• _Problem to solve_:
Every record below is to be retyped exactly, with the pictures left out.

• _Dataset records_:
————

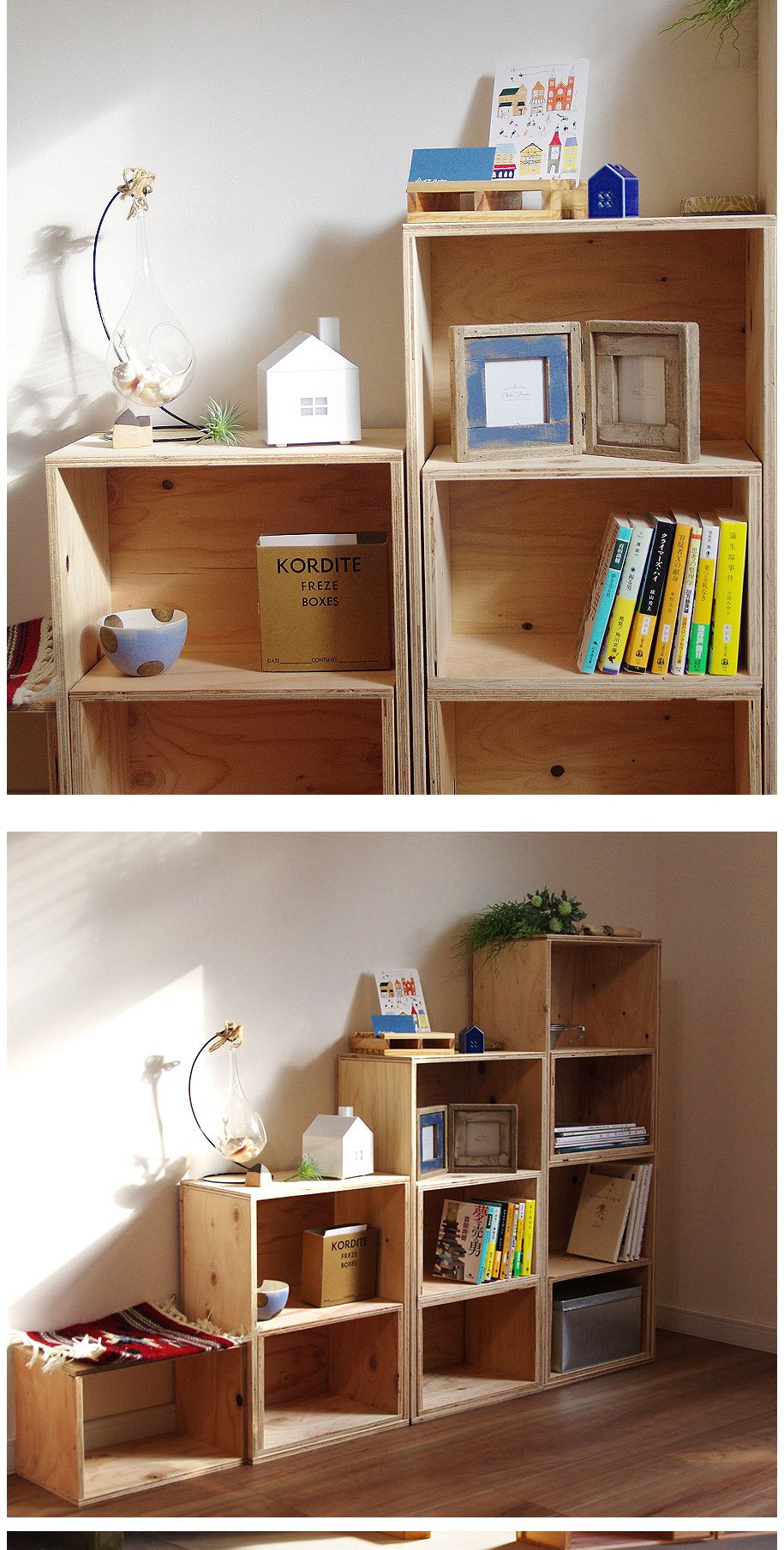 収納が欲しい場所に応じて、タテ・ヨコ自由にレイアウトできるシェルフボックス。リビングや寝室、書斎に玄関…ラフな木の質感で家中どこでもお使いいただけます。
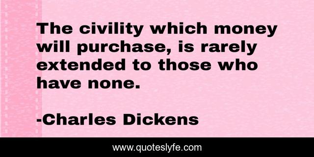 This page presents the quote "The civility which money will purchase, is rarely extended to those who have none.". Author of this quote is Charles Dickens. This quote is about civility, which,.
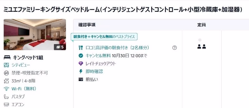 朝食付き、キャンセル無料、AIコントロール、ほんといいホテルだったよ。
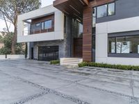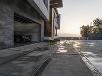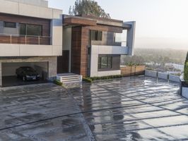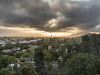 The dawn of a new day in Los Angeles, California, USA reveals the modern architecture of the city's residential area, including the villas, buildings, and parking garages, while the trees, clouds, and mountains in the horizon create a dramatic view of the urban landscape.
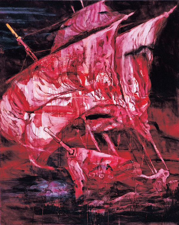 從『五花肉』系列作品來看,由「肉兵器」衍伸肉戰爭之創作思考概念是藝術家返回記憶的庫房,挖掘根源以對應於現實環境的挫折,將孩童時代對於戰爭玩具喜好的甜蜜單純慾望,以再現的方式表達成年後於海外求學時面對異國文化下的衝撞反思,這些以玩具手槍、飛機、坦克車和潛水艇為主體的『肉兵器』,在由不同深色累積滲透出來的多層次背景烘托下,營造出一種由肉體堆疊出的異樣血紅世界;象徵慾望的柔軟肉體成了血腥的戰爭殺人工具,記憶中的西洋玩具不再只是玩樂中的打殺,反而更顯得殺氣騰騰,在一片血肉模糊的構圖下,隱喻出藝術家對來自於西方強勢文化殖民下的自覺與抵禦,並從自我的意識源頭開始,揪出這個時代大多數台灣人在文化認同上的盤根錯節與糾葛,像是在一片漆黑的殺戮戰場上,對於看不見的異國文化展開絕地反擊,進行文化主體的追尋,只是在伸手不見五指的暗色世界裡,常陵以略帶挑釁與冒險意味的探索向前衝撞,總讓人覺得有股恐懼的暗流汩汩流出。

————

• _Output for this task_:
 収納が欲しい場所に応じて、タテ・ヨコ自由にレイアウトできるシェルフボックス。リビングや寝室、書斎に玄関…ラフな木の質感で家中どこでもお使いいただけます。
 This page presents the quote "The civility which money will purchase, is rarely extended to those who have none.". Author of this quote is Charles Dickens. This quote is about civility, which,.
 朝食付き、キャンセル無料、AIコントロール、ほんといいホテルだったよ。
 The dawn of a new day in Los Angeles, California, USA reveals the modern architecture of the city's residential area, including the villas, buildings, and parking garages, while the trees, clouds, and mountains in the horizon create a dramatic view of the urban landscape.
 從『五花肉』系列作品來看,由「肉兵器」衍伸肉戰爭之創作思考概念是藝術家返回記憶的庫房,挖掘根源以對應於現實環境的挫折,將孩童時代對於戰爭玩具喜好的甜蜜單純慾望,以再現的方式表達成年後於海外求學時面對異國文化下的衝撞反思,這些以玩具手槍、飛機、坦克車和潛水艇為主體的『肉兵器』,在由不同深色累積滲透出來的多層次背景烘托下,營造出一種由肉體堆疊出的異樣血紅世界;象徵慾望的柔軟肉體成了血腥的戰爭殺人工具,記憶中的西洋玩具不再只是玩樂中的打殺,反而更顯得殺氣騰騰,在一片血肉模糊的構圖下,隱喻出藝術家對來自於西方強勢文化殖民下的自覺與抵禦,並從自我的意識源頭開始,揪出這個時代大多數台灣人在文化認同上的盤根錯節與糾葛,像是在一片漆黑的殺戮戰場上,對於看不見的異國文化展開絕地反擊,進行文化主體的追尋,只是在伸手不見五指的暗色世界裡,常陵以略帶挑釁與冒險意味的探索向前衝撞,總讓人覺得有股恐懼的暗流汩汩流出。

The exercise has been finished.